All lines in the records below from the line with "Großer Kofferraum für viel Gepäck." through the line with "LUKSUS PRZYNALEŻY RZĄDZĄCYM, NIEZALEŻNIE" are to be given again exactly, both ends included; the pictures are to be left out.

Given records >>
□ □ □ □ □ □ □

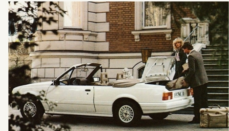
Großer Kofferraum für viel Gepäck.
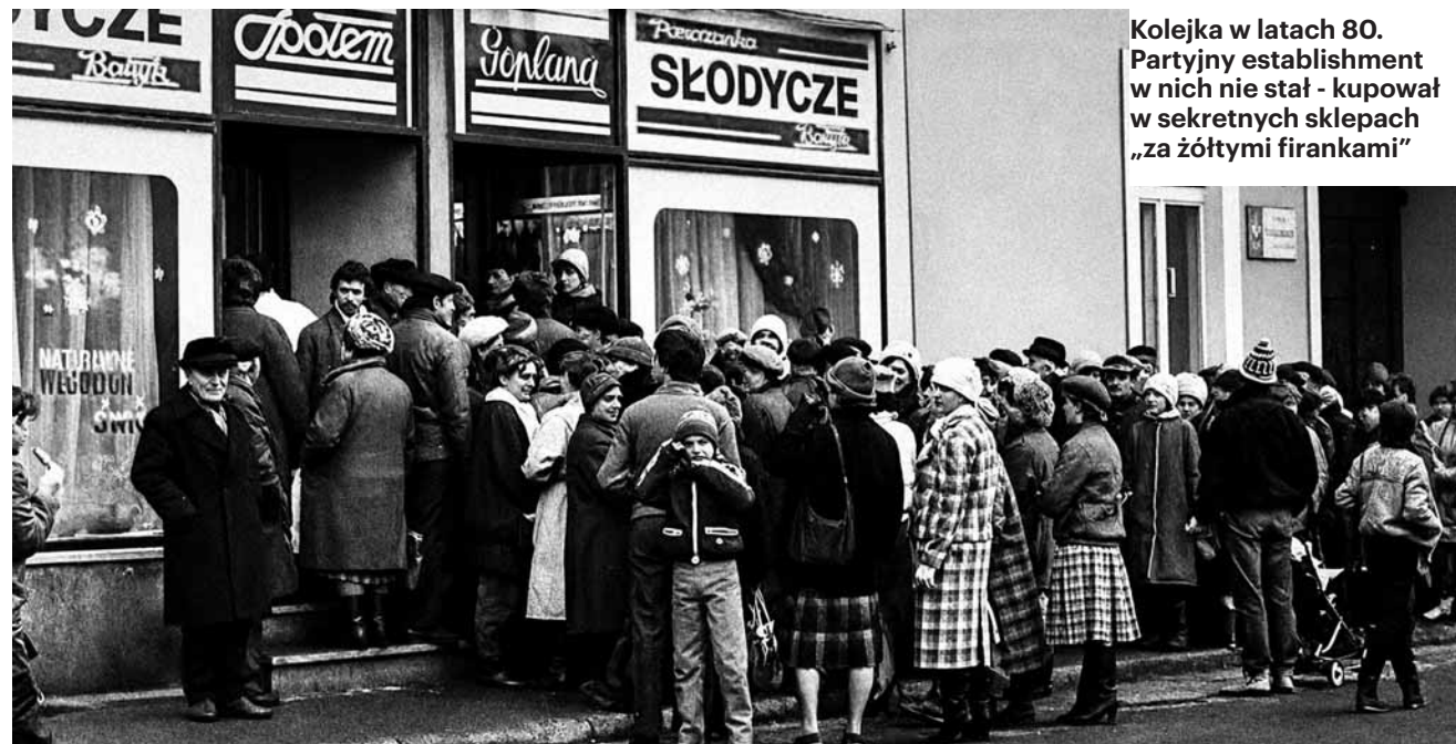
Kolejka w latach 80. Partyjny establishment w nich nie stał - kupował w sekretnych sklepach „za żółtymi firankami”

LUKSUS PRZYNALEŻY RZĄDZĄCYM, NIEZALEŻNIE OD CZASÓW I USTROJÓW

□ □ □ □ □ □ □

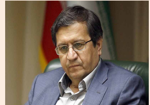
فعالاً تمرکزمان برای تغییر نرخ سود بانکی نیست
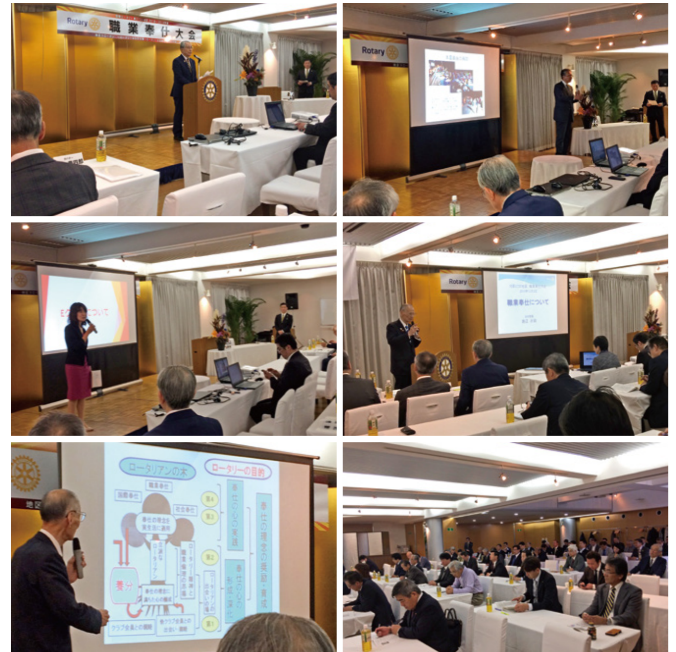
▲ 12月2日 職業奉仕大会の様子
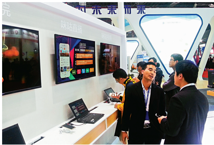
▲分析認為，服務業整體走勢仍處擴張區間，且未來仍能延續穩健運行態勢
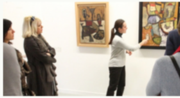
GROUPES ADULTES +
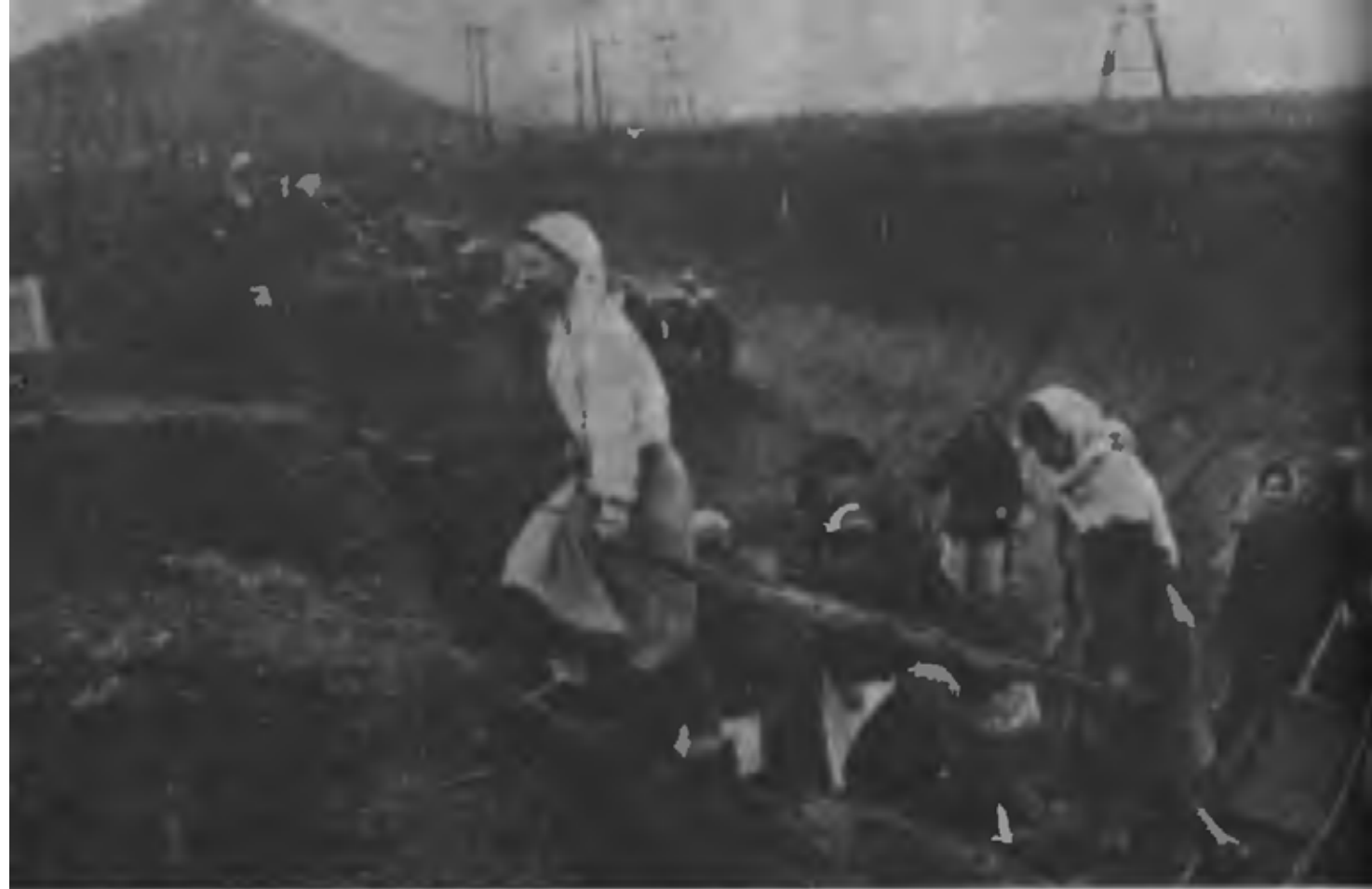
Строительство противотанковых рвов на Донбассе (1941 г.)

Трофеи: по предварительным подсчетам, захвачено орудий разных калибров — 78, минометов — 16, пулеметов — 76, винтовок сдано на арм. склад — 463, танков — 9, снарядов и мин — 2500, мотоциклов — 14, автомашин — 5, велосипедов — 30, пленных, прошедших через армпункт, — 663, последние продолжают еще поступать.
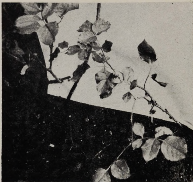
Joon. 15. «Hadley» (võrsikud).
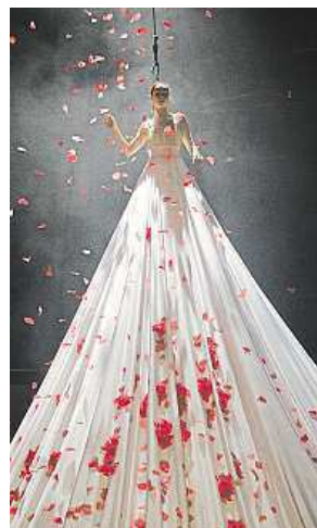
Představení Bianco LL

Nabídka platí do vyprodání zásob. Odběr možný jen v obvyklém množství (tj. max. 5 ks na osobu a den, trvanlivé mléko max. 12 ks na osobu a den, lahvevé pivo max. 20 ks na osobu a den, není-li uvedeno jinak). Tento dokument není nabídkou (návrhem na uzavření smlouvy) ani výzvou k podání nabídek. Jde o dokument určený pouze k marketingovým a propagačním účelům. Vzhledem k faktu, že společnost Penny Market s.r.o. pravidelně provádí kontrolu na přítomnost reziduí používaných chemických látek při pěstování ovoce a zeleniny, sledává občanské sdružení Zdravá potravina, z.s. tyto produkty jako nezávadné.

□ □ □ □ □ □ □

Reply >>
Großer Kofferraum für viel Gepäck.
Kolejka w latach 80. Partyjny establishment w nich nie stał - kupował w sekretnych sklepach „za żółtymi firankami”

LUKSUS PRZYNALEŻY RZĄDZĄCYM, NIEZALEŻNIE OD CZASÓW I USTROJÓW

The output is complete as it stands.